The most ancient (recorded) Indian hymns (c. 1200-900 BC) personify the earth as a goddess. Even before this, however, the earth itself is born from a goddess:

1. Let us now speak with wonder of the births of the gods - so that some one may see them when the hymns are chanted in a later age.

2. The lord of sacred speech, like a smith, fanned them together. In the earliest age of the gods, existence was born from non-existence. 

3. In the first age of the gods, existence was born from non-existence. After this the quarters of the sky were born from her who crouched with legs spread.

4. The earth was born from her who crouched with legs spread, and from the earth the quarters of the sky were born...


6. When you gods took your places there in the water with your hands joined together, a thick cloud of mist arose from you like dust from dancers.
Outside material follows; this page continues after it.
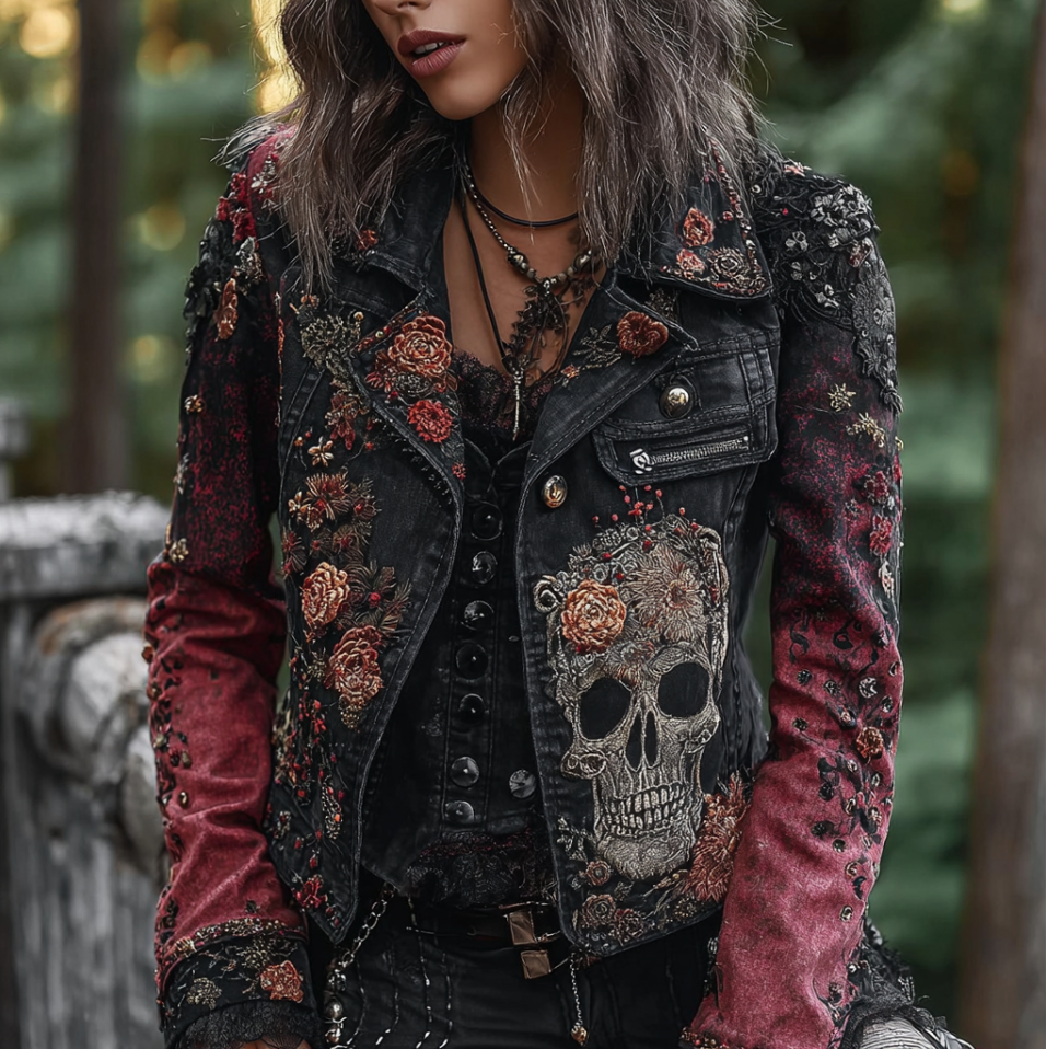 A Retro Women's Black-pink Gradient Denim Jacket With Gothic Skull And Floral Elements Design For Halloween.

7. When you gods like magicians caused the worlds to swell, you drew forth the sun that was hidden in the ocean.


(from The Rig Veda, translated by Wendy O'Flaherty, 1981

Note on 'legs spread': a position associated both with yoga and with a woman giving birth

The goddess of the earth at this stage is Pritvi, who has hymns written about her. David Kinsley suggests that ideas about Pritvi suggest 'the awesome stability of the earth itself and (it's)... apparently inexhaustible fecundity'.  Pritivi is a goddess, but also the earth in a literal sense.

According to Kinsley, 'an underlying implication of perceiving the earth as a great and powerful goddess is that the world as a whole, the cosmos itself, is to be understood as a great, living being, a cosmic organism'. James Lovelock 's concept of Gaia was not the first!  This makes me think of Native American writers, who also express the idea of the earth as a living body/being; seeing mining, for example, as desecration.
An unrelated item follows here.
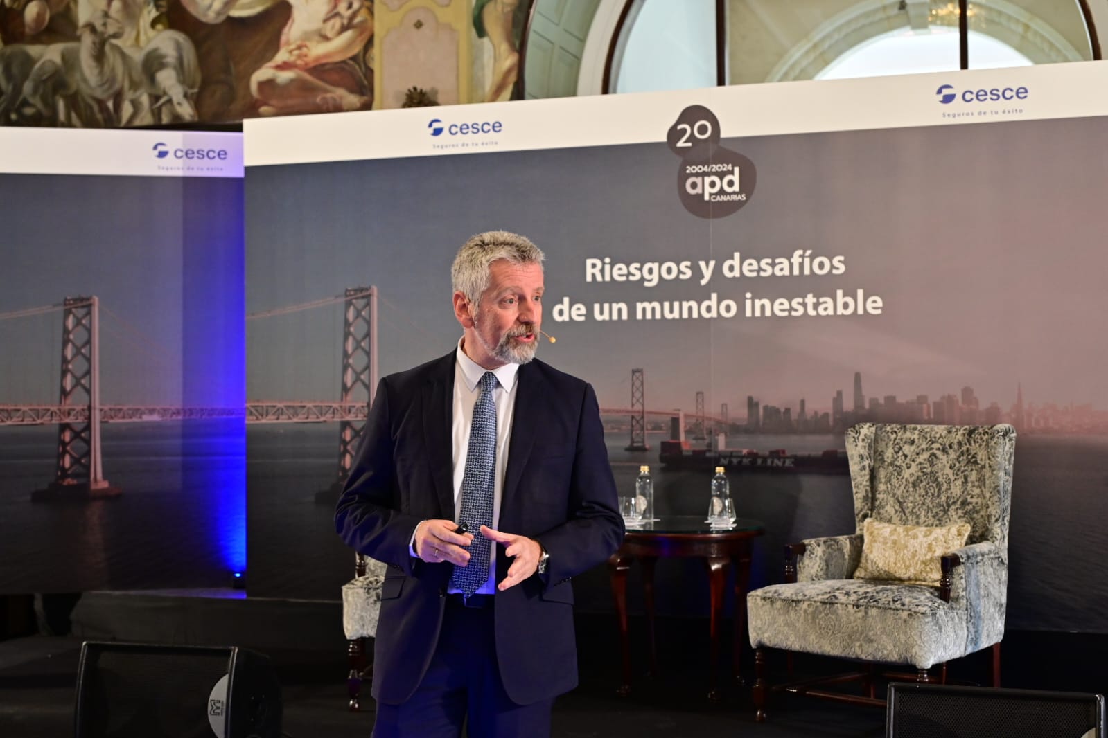 El presidente ejecutivo de Cesce, Fernando Salazar, participó en un encuentro de la Asociación para el Progreso de la Dirección en Canarias (APD) en el que compartió su visión sobre los riesgos internacionales actuales para la economía y la geopolítica y los que marcarán la agenda global durante los próximos meses. Destacó que 2024 será un año de "urnas y armas" con elecciones en más de 70 países y el desarrollo de los conflictos armados que ya se vienen sucediendo, como el de la franja de Gaza o el de Rusia y Ucrania, además de la tensión entre Estados Unidos y China por la hegemonía global.

Later Hinduism continues with the idea of the earth as a goddess, in the form of Bhu. According to Kinsley, however, the earth as Bhu is no longer seen as a stable support for all creatures and a source of fertility, but is portrayed mythologically as being oppressed by demons and evil forces. In both of the images here she is being rescued by an incarnation of Vishnu:


From  Harle, 1986

There are other later goddesses who maintain the idea of support and fertility, but the goddess of the earth itself becomes oppressed. That's interesting. And, for me, not just an obscure fact about the history of a distant religion.  Here is our earth, in all her beauty and fecundity, in need of rescue. What's ancient about that as an idea?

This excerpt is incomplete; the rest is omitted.